Start of Records to process

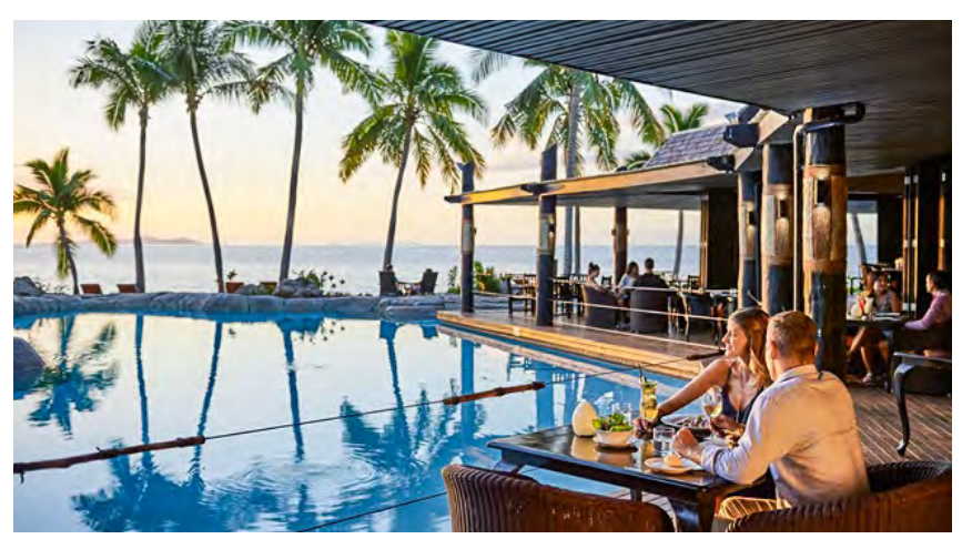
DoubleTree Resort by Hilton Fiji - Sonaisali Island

End of Records to process
Start of Records to process

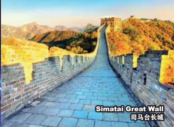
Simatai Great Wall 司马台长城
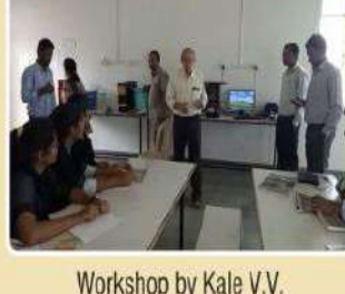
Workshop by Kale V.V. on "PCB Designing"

End of Records to process
Start of Records to process

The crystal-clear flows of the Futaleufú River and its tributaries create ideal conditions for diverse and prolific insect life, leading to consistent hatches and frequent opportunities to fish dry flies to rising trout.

End of Records to process

**Exercise goal**
Exact copy, pictures excluded: from the line with "Simatai Great Wall 司马台长城" up to and including the line with "Workshop by Kale" in the data above.

**Output for this exercise**
Simatai Great Wall 司马台长城
Workshop by Kale V.V. on "PCB Designing"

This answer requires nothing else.